The SS7 network has been shown to be open, meaning anyone with the right instruments can hack a phone call and listen to or even divert them. If you have the right instruments, you can also be able to read text messages and track location of your target. The reason SS7 is open for anyone to access is because when the protocol was developed and implemented back in 1975, there were only few telecoms operators, and they were either state controlled or really big corporations who trusted each other, so no authentication was built in; and this vulnerability has allowed anyone who operates like a telecommunication operator (e.g. using VoIP technologies like those SIM boxes that CA impounded the other day) to be able to hack to phone conversations at will.

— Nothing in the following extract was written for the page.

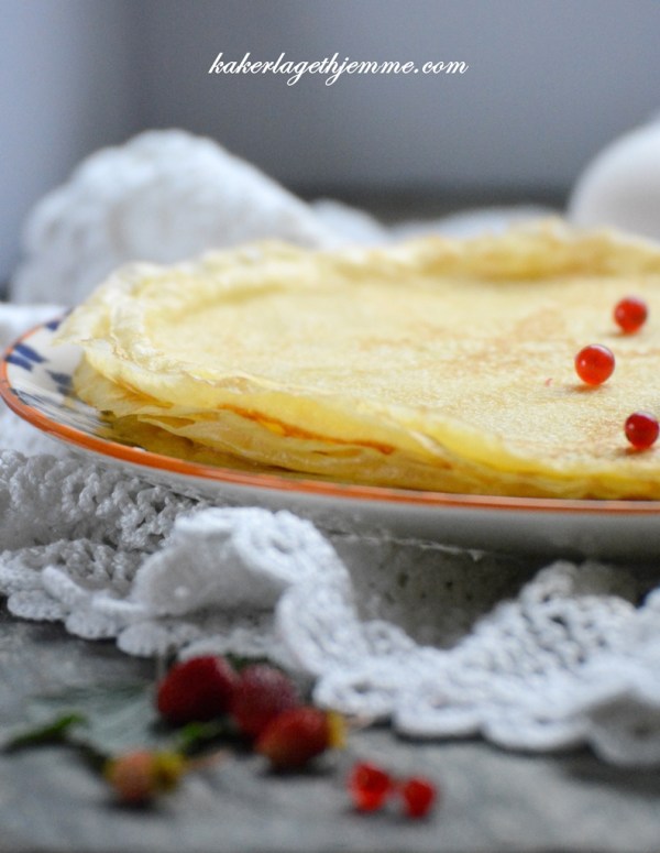 Deler oppskriften på en av familien min favorite retter nemlig pannekaker på fransk vis. Nydelige både med noe i tillegg, slik: syltetøy, sukker, karamell saus, ferske frukt og bær eller pisket kremfløte men meget gode uten noe som helst på også. Alle har nok egne måter å spise pannekaker på. Verdt å prøve med hjemmelaget appelsin sirup-saus slik crepes Suzette pleies lage.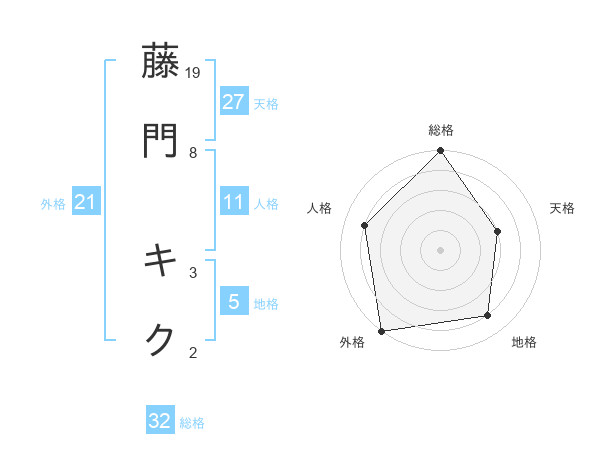 藤門 キクさんの外格は21画の5点!

In order therefore to hack a phone call, read a text message or track location of a target, you need to have access to this SS7 network through a surveillance software like the one sold by Verint Systems Inc, but to be able to buy such software you need to have a lot of money. ““Any tin-pot dictator with enough money to buy the system could spy on people anywhere in the world,” said Eric King, deputy director of Privacy International, a London-based activist group that warns about the abuse of surveillance technology.

“Users of such technology type a phone number into a computer portal, which then collects information from the location databases maintained by cellular carriers, company documents show. In this way, the surveillance system learns which cell tower a target is currently using, revealing his or her location to within a few blocks in an urban area or a few miles in a rural one”, reported Washington Post.